Before conducting microdissection, one must make the tissue of interest LCM-compatible via desiccation. LCM uses a laser to isolate tissue sections, and any liquid water present will cause refraction of the laser. This diminishes cutting precision. Therefore, one must sufficiently dehydrate the tissue to prevent any such imprecisions.

Additionally, simple glass slides are not adequate to hold tissue for LCM. Because the microdissection scope relies on gravity to drop dissected tissue into collection wells, we use specialized Director slides manually coated with poly-D-lysine to enhance sample adhesion (Hembrough, 2012). When the laser contacts this coated slide, the energy of the laser is transferred to the aptly-named energy transfer matrix on the slide. As a result, the matrix vaporizes and tissue is dropped into the collection well (“The cutting edge”, 2007).
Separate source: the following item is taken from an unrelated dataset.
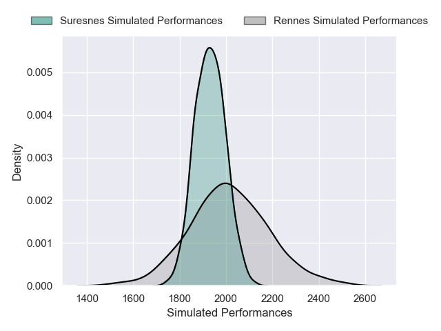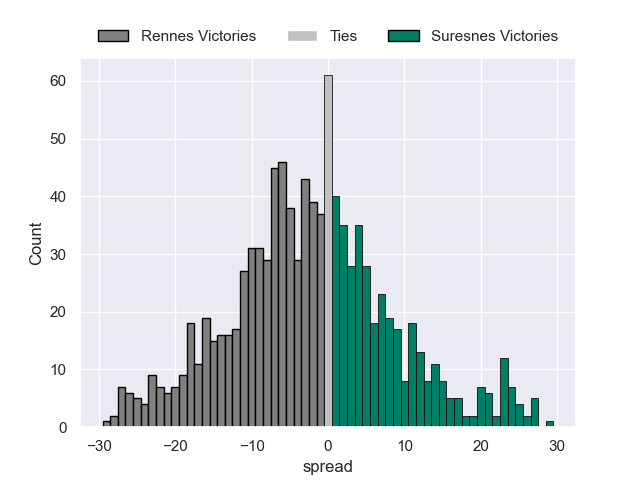 Each club has a rating and a rating deviation (similar to a Glicko rating), and expected performances can be generated. This allows for simulated matches and spreads like the ones below.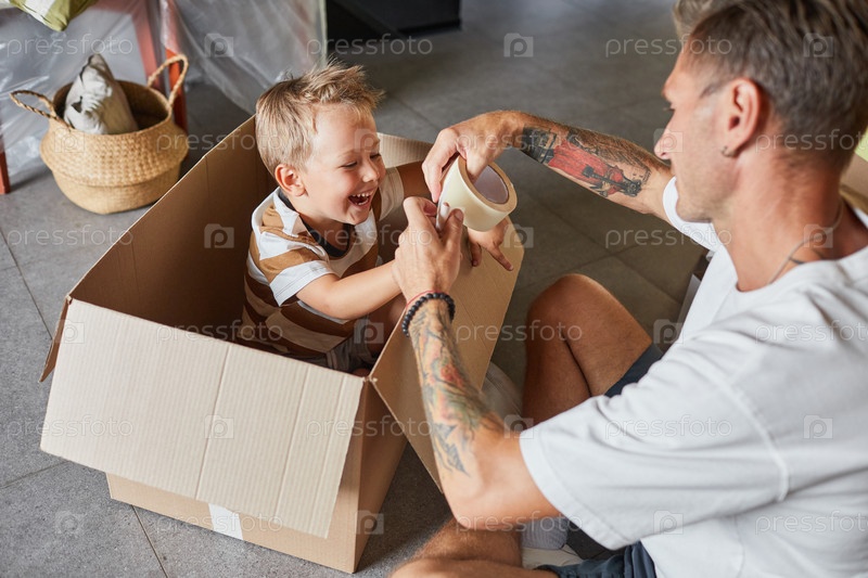 Маленький мальчик играет в коробке

Many methods are used to dessicate samples for LCM. My favorite is lyophilization. Frozen tissue samples are cryosectioned* and placed on Director slides. After removal of embedding medium (such as Optimal Cutting Medium), the tissue is stained to enhance visualization such as with toluidine blue. The slides are subsequently placed in a lyophilizer, which sublimes the water in the tissue samples. By using sublimation and bypassing the liquid water phase, we eliminate the possibility of retaining liquid water in the tissue sample, thus preserving the precision of laser capture.

Other sample preparation methods include the following:

1. The samples can be fixed in acetone (dehydrant). The sample is then stained, treated with xylene (which makes the histology clearer) (Gubler, 2019), and further dehydrated in alcohol (which replaces water in the tissue) (Turashvili et al., 2007). One disadvantage of this method is that acetone’s strong lipid-solvent properties may cause cellular embrittling (Rolls, n.d.).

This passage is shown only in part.